MMP2 ダブルニカースプラスミド(h)は、human 細胞株における MMP2 座の高特異性編集のために設計された、対となる2つのプラスミドから構成される。各プラスミドは、Cas9 D10Aニカースと、MMP2内の対向するDNA鎖を標的とする異なるsgRNAを発現する。対向するDNA鎖上の隣接する部位に誘導されると、2つのニカースはオフセットした一本鎖切断を生成し、これらが組み合わさってずれた二本鎖切断を生じさせる。これにより、両方のガイドによる協調的なオンターゲット活性が必要となる。生じたDNA切断は、細胞内の内在性修復経路、特に非相同末端結合(NHEJ)によって修復され、その結果、MMP2の機能を阻害する挿入または欠失が生じる。標的座標における2つのsgRNAの結合を必要とするこの二重ニッキング法は、編集の特異性を高め、標的精度に対するさらなる制御が求められる用途において、CRISPR戦略を補完するものである。

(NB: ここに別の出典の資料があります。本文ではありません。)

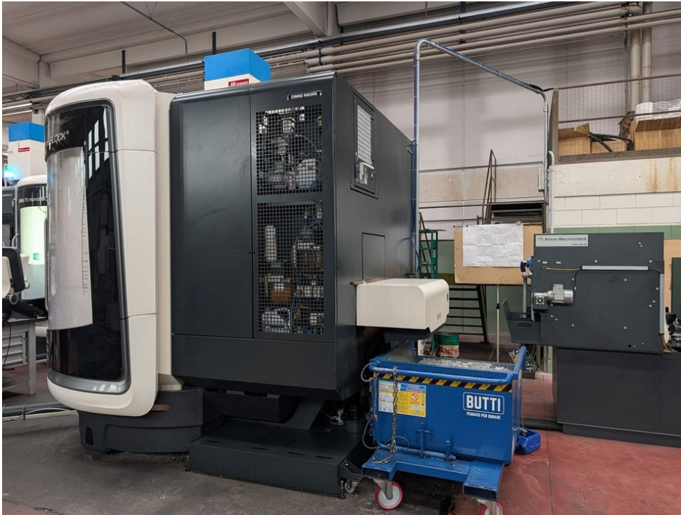
Deckel Maho DMG DMU 70 monoblock – Bild 1 von 7
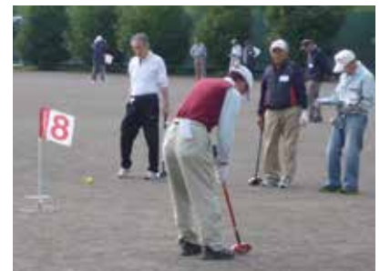
▲グラウンドゴルフは初心者でも楽しめるスポーツです

ラウンドの場合あり) 費 500円 対 市内在住、または市内のグラ ウンドゴルフクラブに所属する人 定 先着120人 申 9月23日(水)～10月2日(金)の平 日午前9時～午後5時に市民 体育館・市役所本館備え付け の申込書（市ホームページか らダウンロード可）と参加費 を直接スポーツ推進課
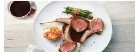
The Haven Restaurant

Savor an exclusive array of dishes for breakfast, lunch and dinner in a private restaurant serving the finest cuisine. Enjoy stunning vistas indoors or al fresco. Exclusively for guests of The Haven. Seating capacity: 98
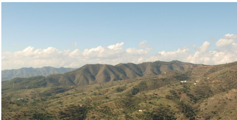
Imagen 13. Contraste entre las masas de pinos repobladas y los terrenos degradados por el hombre en los Montes de Málaga.

Esos terrenos fueron en su día un bosque de encinas, que fueron talados para la obtención de madera y carbón y se reconvirtieron posteriormente en suelo agrícolas, que hoy en día se encuentran abandonados.
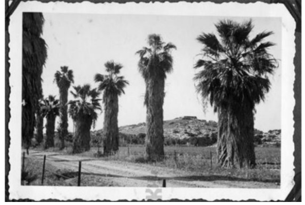
عتليت: عتليت قبل النكبه
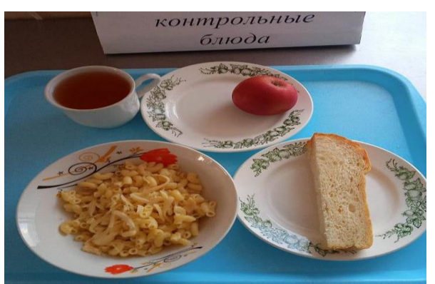
Завтрак для учащихся, питающихся за счёт родительского взноса
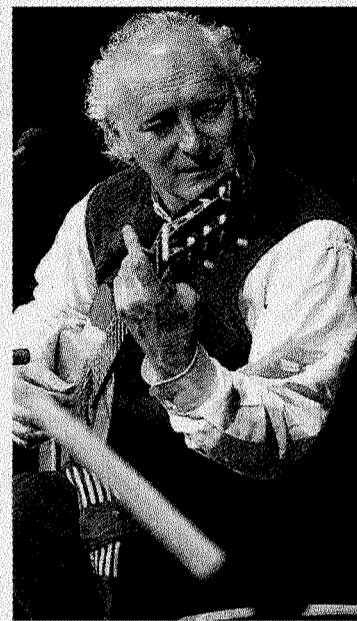
El cantautor Amancio Prada.

temente temas en gallego, su lengua familiar, hablada en la región de la que procede, El Bierzo.
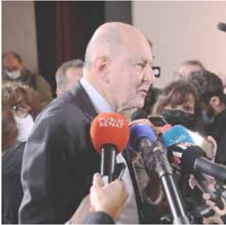
Jean-Marc Sauvé répond à la presse du monde entier.

La cellule se compose de quatre bénévoles laïcs, hommes et femmes, ayant en autres compétences : psychologue clinicienne, médecin, juriste, personnes formées à l'écoute.

編集された細胞を効率的に同定するために、1つのプラスミドはトランスフェクトされた細胞集団を蛍光可視化するためのGFPをコードし、もう1つのプラスミドは抗生物質選別用のプロマイシン耐性遺伝子を保有しています。これらの機能により、共トランスフェクトされた細胞集団の効率的な濃縮が可能となり、MMP2が破壊されたクローンの検証が簡素化されます。
研究用のみ。診断用または治療用ではありません。